-- TASK OBJECTIVE --
Word for word, give the data again without its pictures.

=== SUPPLIED DATA ===

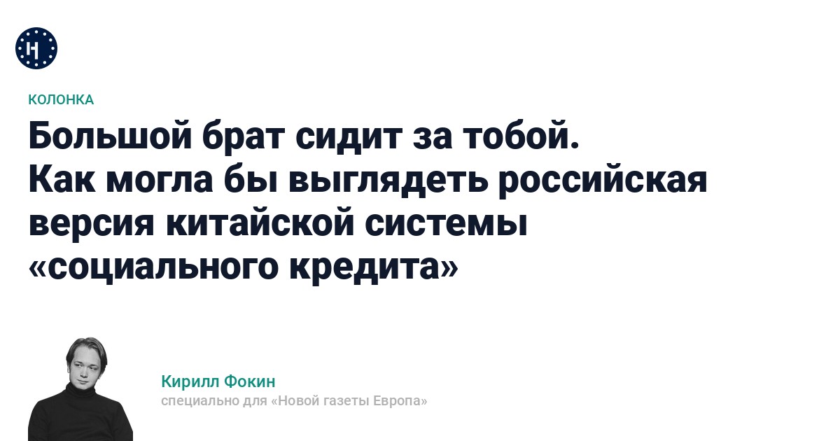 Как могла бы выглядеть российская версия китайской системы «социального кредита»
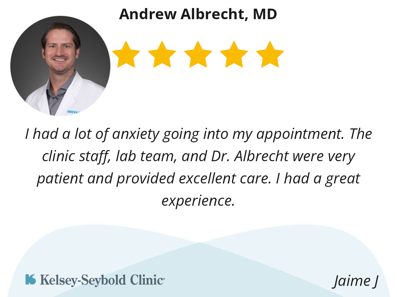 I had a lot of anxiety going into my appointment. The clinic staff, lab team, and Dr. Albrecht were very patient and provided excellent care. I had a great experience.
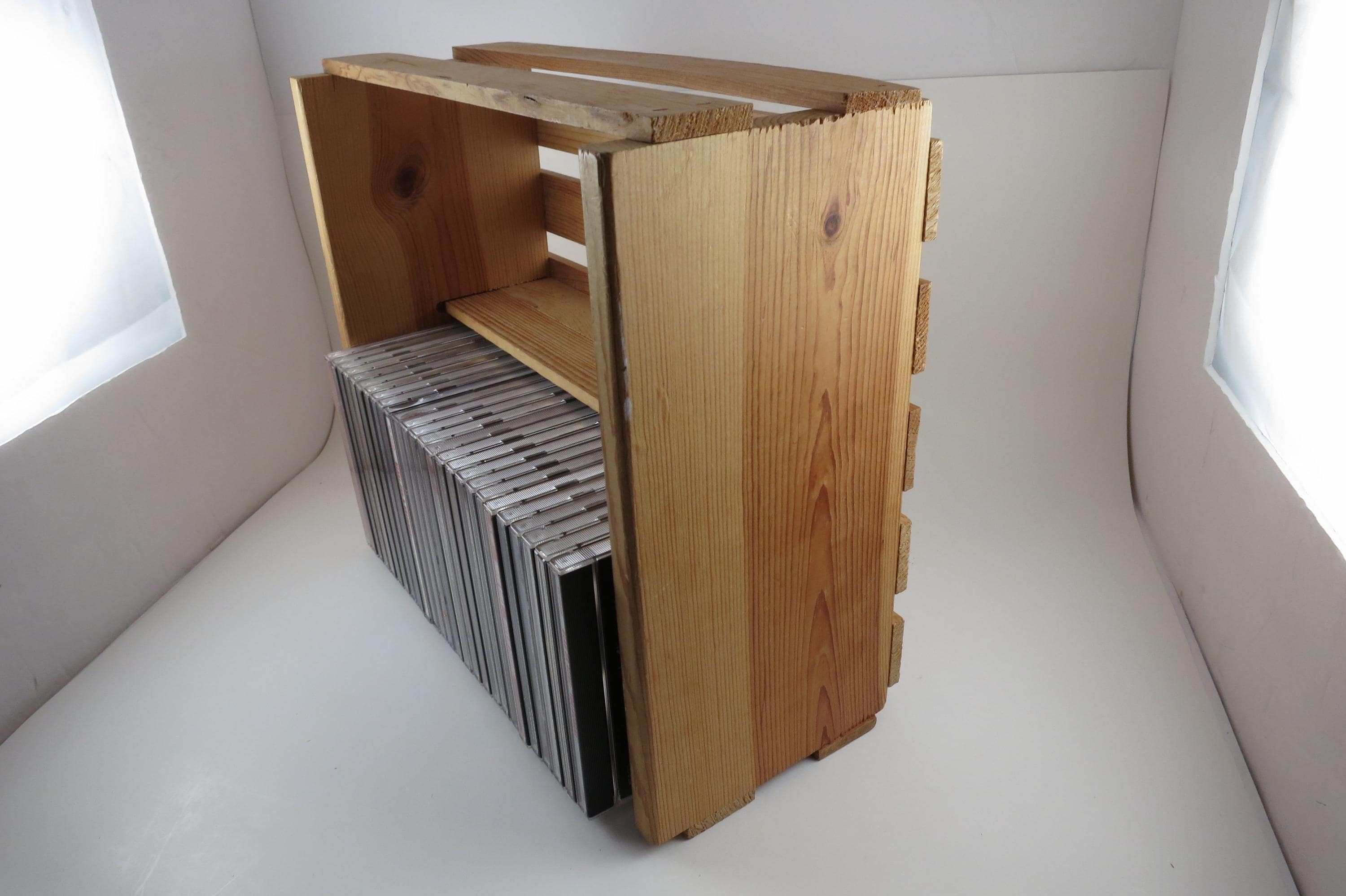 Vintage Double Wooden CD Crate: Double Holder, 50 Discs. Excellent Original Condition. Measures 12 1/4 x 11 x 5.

===

-- TASK RESPONSE --
 Как могла бы выглядеть российская версия китайской системы «социального кредита»
 I had a lot of anxiety going into my appointment. The clinic staff, lab team, and Dr. Albrecht were very patient and provided excellent care. I had a great experience.
 Vintage Double Wooden CD Crate: Double Holder, 50 Discs. Excellent Original Condition. Measures 12 1/4 x 11 x 5.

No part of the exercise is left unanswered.